[PATCH v2 5/6] gdb, infrun: fix silent inferior switch in do_target_wait()
Andrew Burgess
aburgess@redhat.com
Wed Oct 23 11:52:04 GMT 2024
"Metzger, Markus T" <markus.t.metzger@intel.com> writes:
> Hello Andrew,
>
>>> In do_target_wait(), we iterate over inferiors and call
>>> do_target_wait_1(), which eventually calls target_wait() per inferior.
>>> Each time, we wait for minus_one_ptid.
>>
>>Could you expand on this a little more please as I don't understand what
>>you are telling me, and I can't align this explanation with the code.
>
> This used to be minus_one_ptid until you changed it (back) to wait_ptid in
> 07505b613a0605ef42a004364ab8ccb70fd3c8eb.
>
> There is a single call of that function that passes minus_one_ptid outside
> of condition evaluation:
>
> /* If the thread is in the middle of the condition evaluation, wait for
> an event from the current thread.

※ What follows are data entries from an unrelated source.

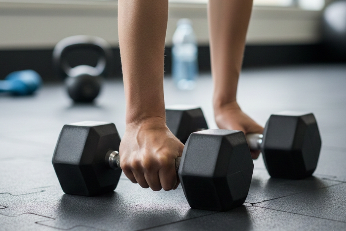 If “clawing the floor” isn’t enough, stop fighting anatomy and change the angle. By using dumbbells as a “handle,” you keep your wrists in a neutral, straight position. Think of holding a suitcase. This eliminates the 90-degree extension that causes most of the pinching sensation. It’s a total game-changer for push-ups, too!
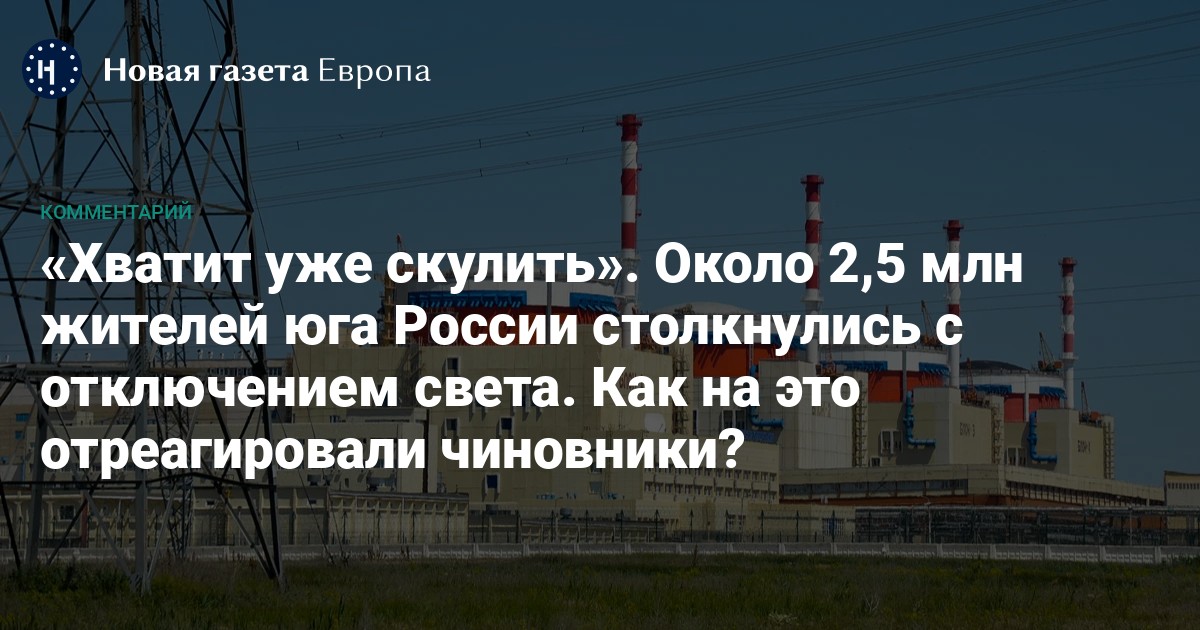 Около 2,5 млн жителей юга России столкнулись с отключением света. Как на это отреагировали чиновники?
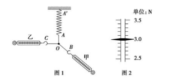 某同学在做“验证力的平行四边形定则”实验时, 将橡皮筋改为劲度系数为 400 $\mathrm{N} / \mathrm{m}$ 的轻质弹簧 $A A^{\prime}$, 将弹簧的一端 $A^{\prime}$ 固定在坚直墙面上. 不可伸长的细线 $O A 、 O$ $B 、 O C$, 分别固定在弹簧的 $A$ 端和弹簧秤甲、乙的挂钩上, 其中 $O$ 为 $O A 、 O B 、 O C$ 三段细线的结点, 如图1所示. 在实验过程中, 保持弹簧 $A A^{\prime}$ 伸长 $1.00 \mathrm{~cm}$ 不变
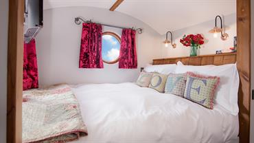 Through the sliding designer glass door, the en suite incorporates a luxurious spacious shower and towel warmer. At the opposite end of the hut sits the cosy elevated king-sized bed with eye level windows and HD TV which can be also be swung into the lounge area.
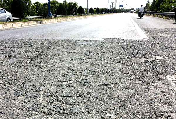 Nhiều điểm trên đường dẫn cầu Cần Thơ bị bong tróc, mặt đường gồ ghề gây khó khăn cho các phương tiện tham gia giao thông.
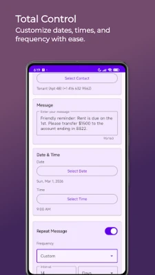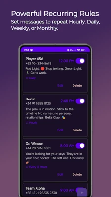 🎉 Birthdays & Anniversaries: Set up yearly recurring messages so you never miss a special date.
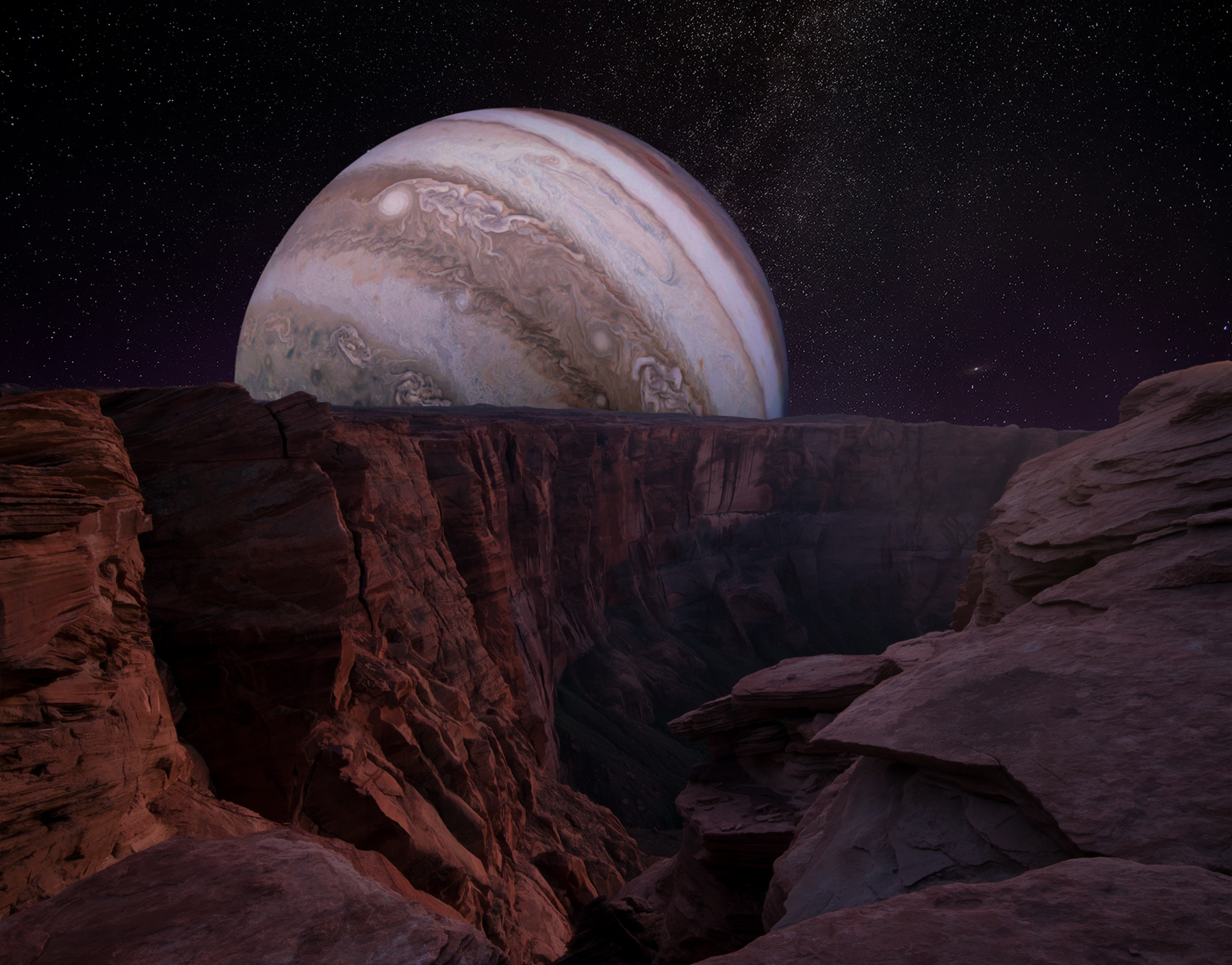 Jupiter has 79 moons, and Ganymede is one of them. Actually it's the largest moon in our solar system. This is what I envision what Jupiter would look like if you were standing at the edge of a precipice on Ganymede.
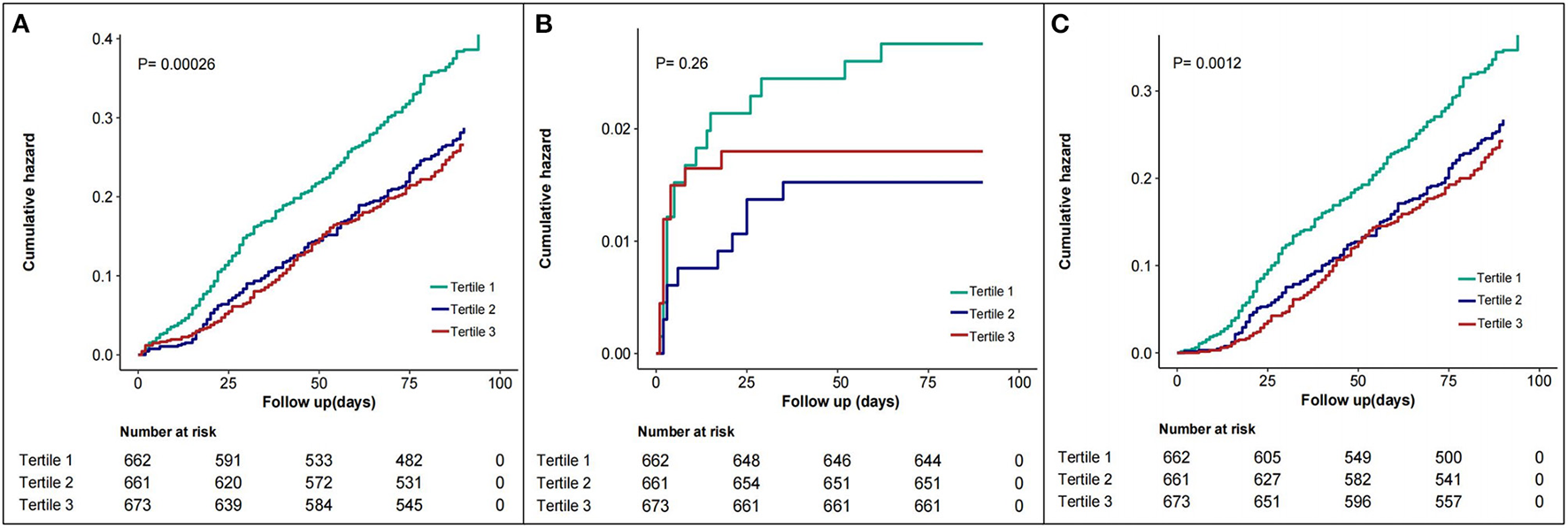 The composite outcome occurred in 535 (26.8%) participants at 3 months. Over the same period, there were 213, 165, and 157 composite endpoint events for tertile 1 to 3, respectively. There was a highest event incidence rate of 32.2% in tertile 1 compared with that in tertile 2 and 3 (25.0 and 23.3%, respectively). The spline analysis supported a linear association with the composite endpoint over the range of chloride within this population (p = 0.311 for non-linearity, Figure 2). Similar linear association with serum chloride and readmission rate was also observed (p = 0.128 for non-linearity, Supplementary Figure S1). However, there seems to be a U-shaped relationship between serum chloride and all-cause mortality (p = 0.023 for non-linearity, Supplementary Figure S2).
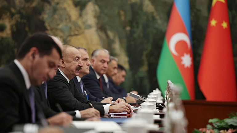 Cumhurbaşkanı Aliyev de Çin'e resmi ziyaretini hatırlatarak, bu çerçevede yapılan görüşmelerin iki ülke arasındaki işbirliğini ileriye taşıdığını, imzalanan kapsamlı stratejik ortaklık belgesinin önemli olduğunu vurguladı. Aliyev, Azerbaycan'ın dış politikasında Çin ile ilişkilerin geliştirilmesinin öncelikli alanlardan biri olduğunu belirtti. Tayvan, Hong Kong ve Sincan Uygur Özerk Bölgesi konularında Çin'in tutumunu desteklediklerini kaydeden Aliyev, Azerbaycan'ın Tayvan'daki seçimleri kınayan ilk ülkelerden biri olduğunu hatırlattı.

Otherwise, wait for an event from
> any thread. */
> ptid_t waiton_ptid = in_cond_eval ? inferior_ptid : minus_one_ptid;
>
> if (!do_target_wait (waiton_ptid, &ecs, TARGET_WNOHANG))
> {
> infrun_debug_printf ("do_target_wait returned no event");
> disable_commit_resumed.reset_and_commit ();
> return;
> }
>
>>So it's not clear to me what you mean when you say 'Each time, we wait
>>for minus_one_ptid'. Maybe you mean elsewhere in GDB?
>
> I should say 'outside of condition evaluation, we wait for minus_one_ptid'.
>
>
>>> In some cases, e.g. gdb.threads/detach-step-over.exp, we ask to wait for
>>> one inferior, and get an event from a different inferior back without
>>> noticing the inferior switch.
>>
>>The way you mention detach-step-over.exp it seems like you think GDB is
>>doing something wrong. But the test fully passes for me without this
>>patch, and you don't adjust the expected output. So I'm guessing that
>>nothing changes for that test. But that seems at odds with the say you
>>mention the test; my reading of the above is that GDB is doing something
>>wrong. Could you clarify what's going on please.
>
> It is definitely wrong to go through all the effort of randomly selecting an inferior
> and then iterating over inferiors one-by-one if we then allow switching to a different
> inferior in the actual wait call.
>
>
>>I see that without this patch you do get some failures in the next patch
>>of this series, and my next job is to debug those failures in order to
>>understand this patch more...
>
> The next patch organizes the replay/record state per inferior. A single target
> may have inferiors that are currently recording and inferiors that are currently
> replaying. We need to wait for individual inferiors since they are handled by
> different target methods: the replaying ones are handled by record targets and
> the recording ones are handled by the target beneath the record target.
>
> We could handle this in the record target by splitting forwarding the request
> for some threads and handling it itself for others.
>
> Since the infrun do_target_wait() code obviously intends to do the wait per
> inferior and just forgets to adjust the wait focus to one inferior, fixing that
> seemed to be the better approach to me.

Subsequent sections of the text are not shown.